What we'd like to do now is understand those early events in enough detail following natural cholera so that we could figure out a way to restore them or mimic then when you give a vaccine in a way to make protection from the vaccine last longer.
"Cholera is a particularly good model for studying events directly in humans."
That's the first interesting thing that we're now pursuing. The second is an experiment of nature. When you're studying cholera in humans, since you can't experimentally manipulate the variables as you can in the laboratory, you have to look at what possibilities are presented by nature and then design a way to ask a question that might be valuable. One aspect of our studies in Bangladesh is that when we enroll patients with cholera in our longitudinal studies, we also go to their household and enroll the whole household, or at least those who are able and consent.

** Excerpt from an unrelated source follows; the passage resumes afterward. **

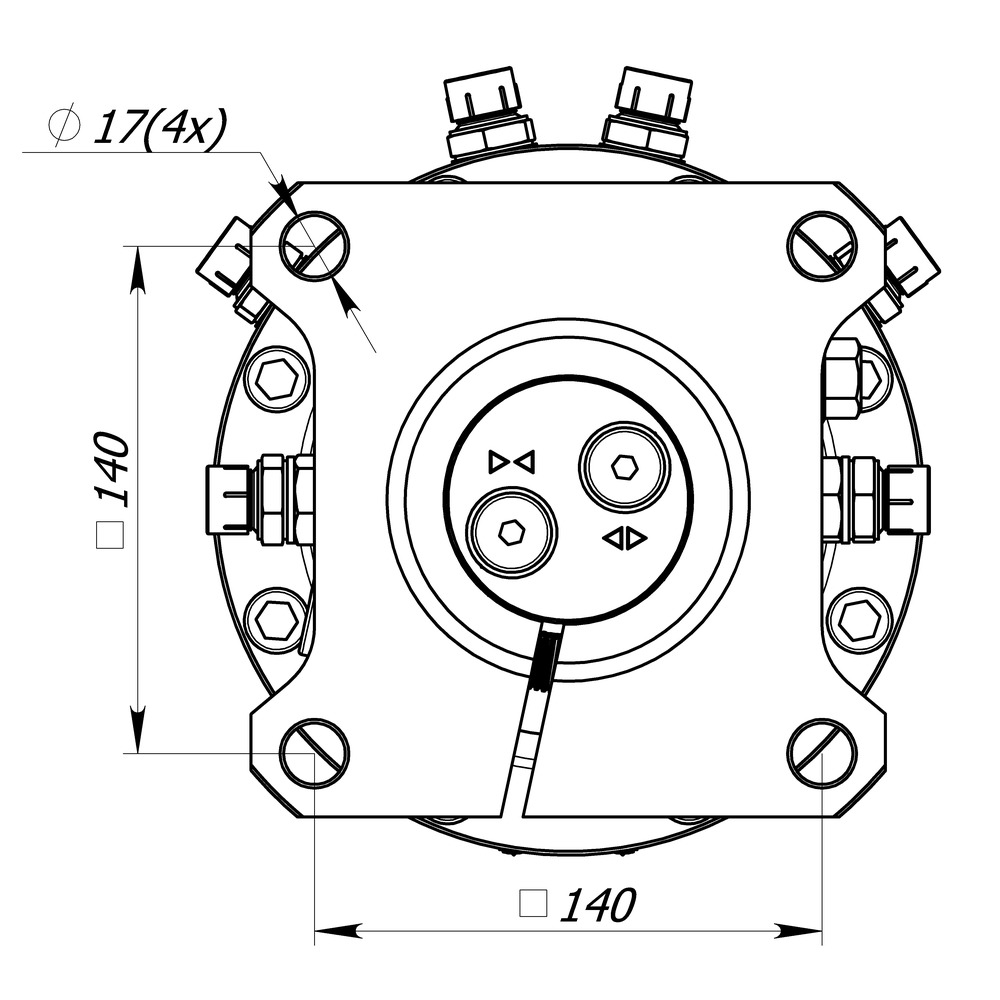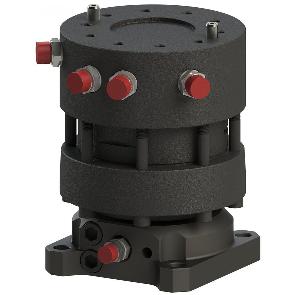 Flansch unten: 4-Loch-Flansch mit 140 x 140 mm Lochmaß, 17 mm Bohrung, Technische Daten: max. Axiallast 6,0 Tonnen (statisch), 3,0 Tonnen dynamisch max. 1850 Nm bei max. 250 bar, max. 300 bar für Greifer schließen, max. 200 bar für Greifer öffnen, erforderlicher Ölfluss 25 Liter/min., ohne Schläuche, Anschluss 1/2 Zoll, Gewicht 47 kg.

A few things have come out of those studies. First is that there is an extraordinarily high rate of transmission in the household when an index case is infected—in the range of 30%. That's a very high risk of other people getting ill, much higher than many other infectious diseases.

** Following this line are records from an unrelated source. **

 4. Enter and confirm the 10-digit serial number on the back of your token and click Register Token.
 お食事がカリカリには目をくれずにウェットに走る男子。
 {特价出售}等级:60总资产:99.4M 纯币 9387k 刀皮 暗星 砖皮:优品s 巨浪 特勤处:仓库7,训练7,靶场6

The second is that because you then have two groups in these households, one that does get subsequent symptomatic infection and the other that doesn't, you can ask whether there are any baseline characteristics that can predict which route they're going to go down. From that, we've been able to figure out the first polymorphism in a human gene that puts people at risk for cholera. We were also able to describe the immunologic markers present in contacts that are associated with protection that came out in some of the work I mentioned earlier. We were also able to measure the effects of vitamin A, for example, or of parasitic infection that might be present, or a variety of other host factors relevant to transmission in this setting.
How much of the variation in transmission can be explained by the polymorphism in that one human gene and perhaps differences in hyperinfectivity individual to individual?
We don’t have the data to answer that. We haven't looked at differences in the excretion of hyperinfective organisms from one individual to another. That's a very interesting question because I assume there probably is variation from person to person. And some people may in fact transmit in the household more frequently than others. But we haven't looked at that at all. We haven't connected hyperinfectivity as a population phenotype to individual transmission risk, or to the polymorphism in the human gene that puts people at higher risk of getting cholera.
What do you consider the major challenges to doing cholera research looking forward to the next decade?
I think the first challenge, of course, is to continue to learn ways to study the disease directly in humans. That does limit the way you can design an experiment. And so we have to be observers of what occurs naturally, rather than being able to manipulate all the variables as we're able to do in animal models and in vitro. Cholera, of course, is a disease that occurs in particular places around the world, so that is where these studies need to be done.